SUPPLIED RECORDS below:

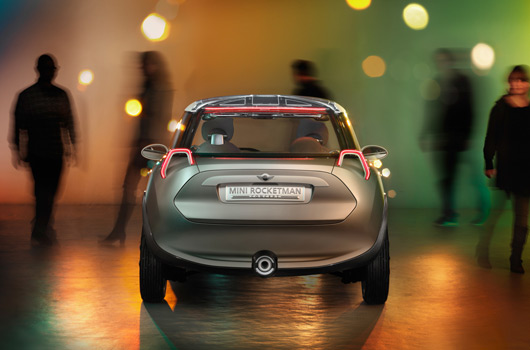 Large wheels and the three-level structural split of body, “wraparound†green-house and roof resting on top give the flanks the same appearance as the MINI models already in series production. The windows taper as they extend back towards the rear, emphasising the body’s dynamic wedge shape and offering an immediate hint of the vehicle’s sporty and agile character. The high waist-line, accentuated on the MINI by a chrome frame ringing the vehicle, takes the form of a light strip on the MINI Rocketman Concept and throws the study’s powerful silhouette into even sharper focus.
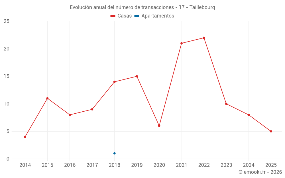 El precio mediano en las 17 transacciones de casas de los últimos 24 meses en la comuna de Taillebourg fue de 1 486 € por metro cuadrado para un valor patrimonial medio de 165 500 €. Durante este período el 60% de las transacciones estuvieron entre 988 y 2 019 € por metro cuadrado (del 2º al 8º decil).
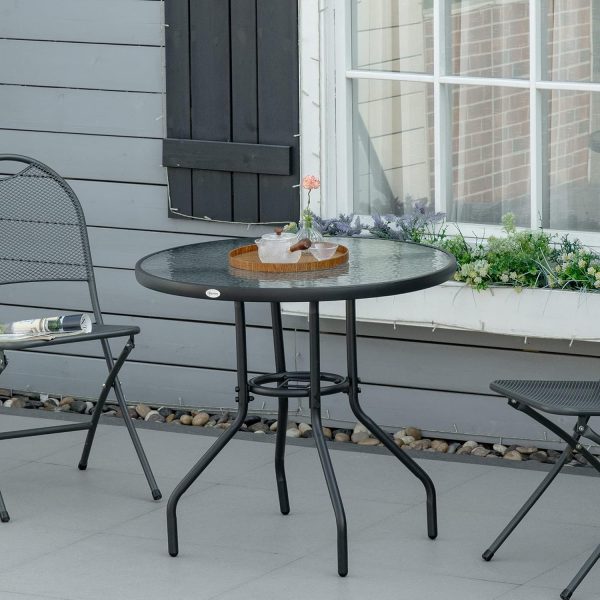Solid Frame: Contemporary glass patio table made with a powder-coated steel base for superior strength and high stability. Anti-slip footpads keep balance and prevent the feet from scratching.
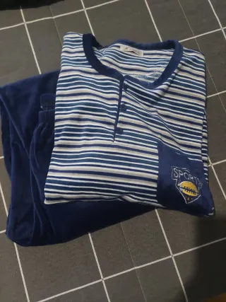 Conjunto de pijama para hombre con un diseño a rayas. - Camiseta de manga larga con cuello redondo y botones. - Pantalón largo a juego. - Detalle de bolsillo en la camiseta con estampado 'SPORT'. - Tejido suave y cómodo.
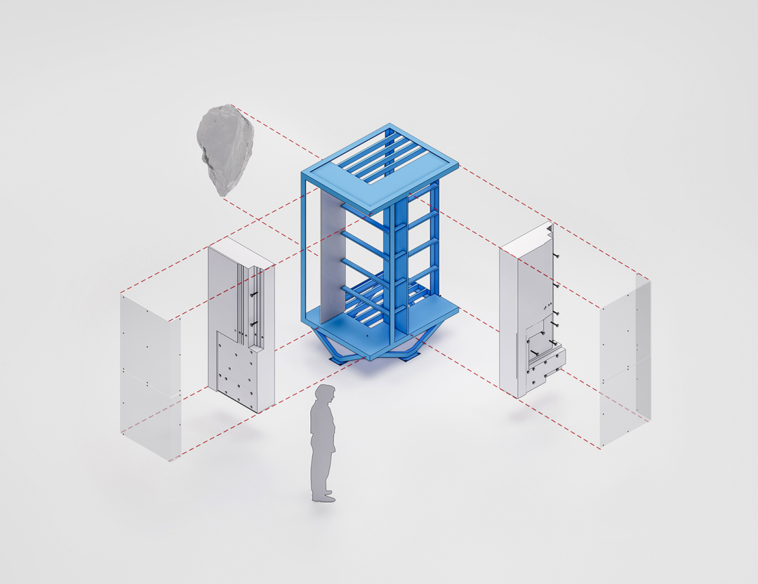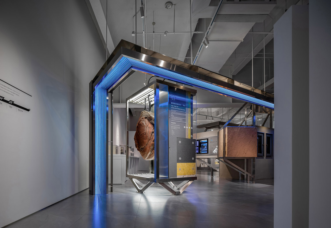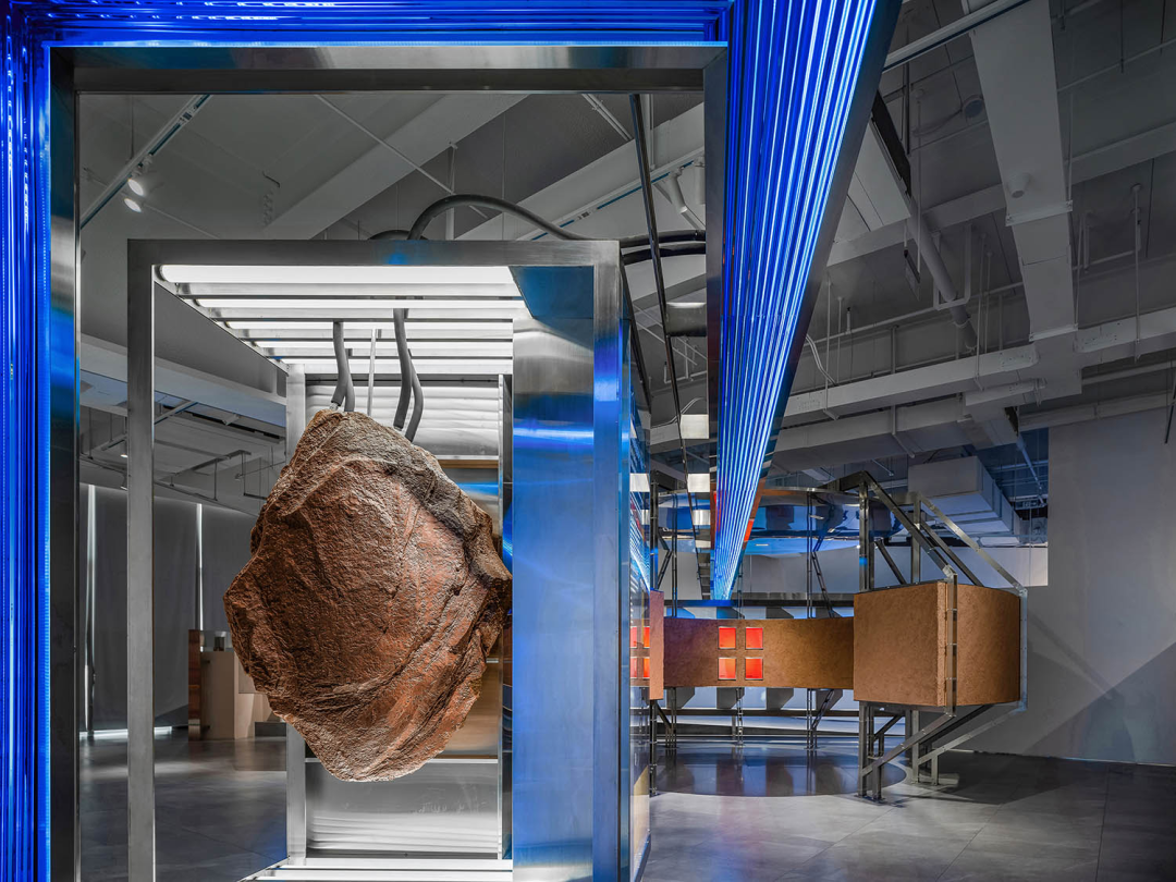 每个螺丝,每片金属,都支撑着装置与展品的真实重量。力学的逻辑下,材料呈现出原生的科技美感,与自然元素共同组成微量自然。
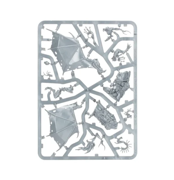 This multipart plastic kit builds an Abhorrant Gorewarden, a vampiric margrave from the Flesh-eater Courts. This terrifying gargoyle rides the winds of Shyish on bat-like wings, leaping from its crumbling perch to soar across the battlefield and seek out prey. Its monstrous form is adorned with a grisly parody of courtly regalia, and it clutches a set of keys in its razor-sharp talons – a symbol of its royal duty.
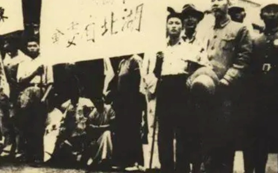董必武(右二)率中共湖北省委人員參加抗日游行活動(dòng)
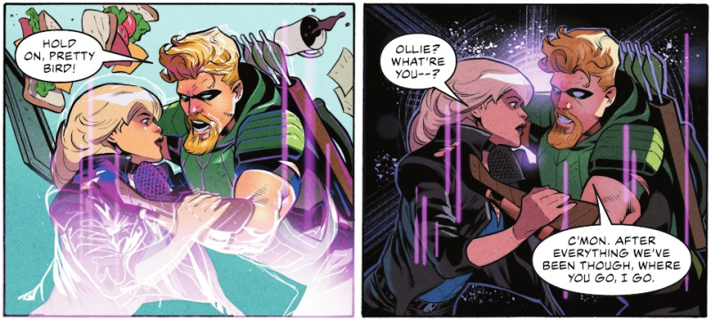 Page 3 – Panels 1 and 2: Arrow grabs on to Canary and they teleport together.
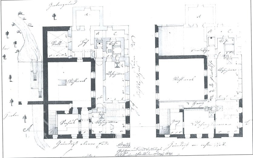 Dnešní stavba z doby kolem r. 1800, upravována ve 2. pol. 19. stol.
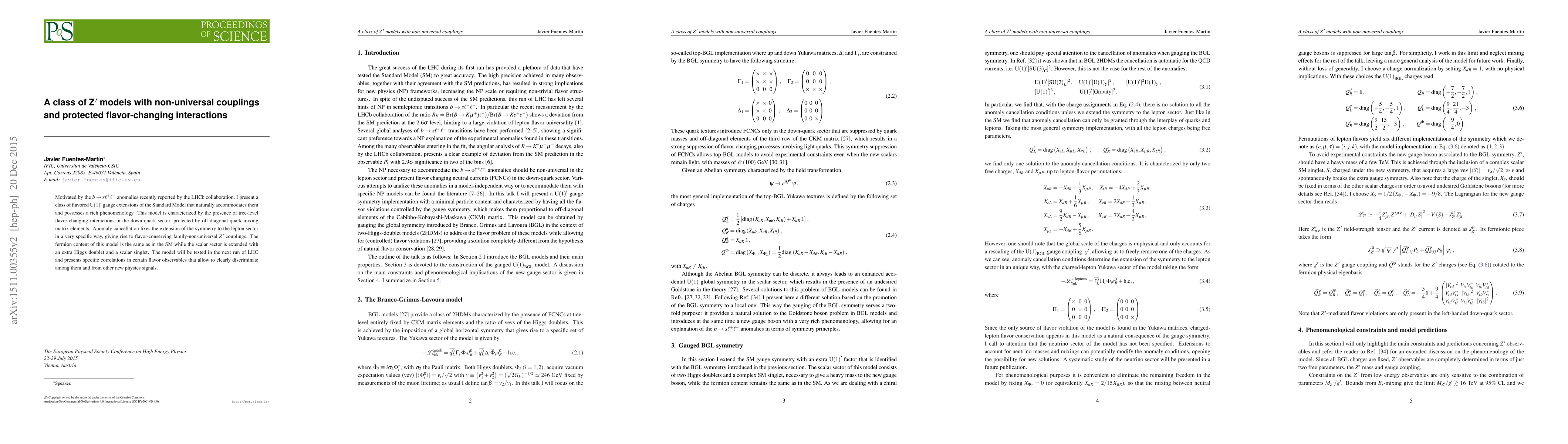 Motivated by the $b\to s\ell^+\ell^-$ anomalies recently reported by the LHCb collaboration, I present a class of flavored U(1)' gauge extensions of the Standard Model that naturally accommodates them and possesses a rich phenomenology. This model is characterized by the presence of tree-level flavor-changing interactions in the down-quark sector, protected by off-diagonal quark-mixing matrix elements. Anomaly cancellation fixes the extension of the symmetry to the lepton sector in a very specific way, giving rise to flavor-conserving family-non-universal Z' couplings. The fermion content of this model is the same as in the SM while the scalar sector is extended with an extra Higgs doublet and a scalar singlet. The model will be tested in the next run of LHC and presents specific correlations in certain flavor observables that allow to clearly discriminate among them and from other new physics signals.

End of SUPPLIED RECORDS.

* **TASK DESCRIPTION**: Type out the data above once more, exactly, with no images included.

* **TASK ANSWER**:
 Large wheels and the three-level structural split of body, “wraparound†green-house and roof resting on top give the flanks the same appearance as the MINI models already in series production. The windows taper as they extend back towards the rear, emphasising the body’s dynamic wedge shape and offering an immediate hint of the vehicle’s sporty and agile character. The high waist-line, accentuated on the MINI by a chrome frame ringing the vehicle, takes the form of a light strip on the MINI Rocketman Concept and throws the study’s powerful silhouette into even sharper focus.
 El precio mediano en las 17 transacciones de casas de los últimos 24 meses en la comuna de Taillebourg fue de 1 486 € por metro cuadrado para un valor patrimonial medio de 165 500 €. Durante este período el 60% de las transacciones estuvieron entre 988 y 2 019 € por metro cuadrado (del 2º al 8º decil).
Solid Frame: Contemporary glass patio table made with a powder-coated steel base for superior strength and high stability. Anti-slip footpads keep balance and prevent the feet from scratching.
 Conjunto de pijama para hombre con un diseño a rayas. - Camiseta de manga larga con cuello redondo y botones. - Pantalón largo a juego. - Detalle de bolsillo en la camiseta con estampado 'SPORT'. - Tejido suave y cómodo.
 每个螺丝,每片金属,都支撑着装置与展品的真实重量。力学的逻辑下,材料呈现出原生的科技美感,与自然元素共同组成微量自然。
 This multipart plastic kit builds an Abhorrant Gorewarden, a vampiric margrave from the Flesh-eater Courts. This terrifying gargoyle rides the winds of Shyish on bat-like wings, leaping from its crumbling perch to soar across the battlefield and seek out prey. Its monstrous form is adorned with a grisly parody of courtly regalia, and it clutches a set of keys in its razor-sharp talons – a symbol of its royal duty.
董必武(右二)率中共湖北省委人員參加抗日游行活動(dòng)
 Page 3 – Panels 1 and 2: Arrow grabs on to Canary and they teleport together.
 Dnešní stavba z doby kolem r. 1800, upravována ve 2. pol. 19. stol.
 Motivated by the $b\to s\ell^+\ell^-$ anomalies recently reported by the LHCb collaboration, I present a class of flavored U(1)' gauge extensions of the Standard Model that naturally accommodates them and possesses a rich phenomenology. This model is characterized by the presence of tree-level flavor-changing interactions in the down-quark sector, protected by off-diagonal quark-mixing matrix elements. Anomaly cancellation fixes the extension of the symmetry to the lepton sector in a very specific way, giving rise to flavor-conserving family-non-universal Z' couplings. The fermion content of this model is the same as in the SM while the scalar sector is extended with an extra Higgs doublet and a scalar singlet. The model will be tested in the next run of LHC and presents specific correlations in certain flavor observables that allow to clearly discriminate among them and from other new physics signals.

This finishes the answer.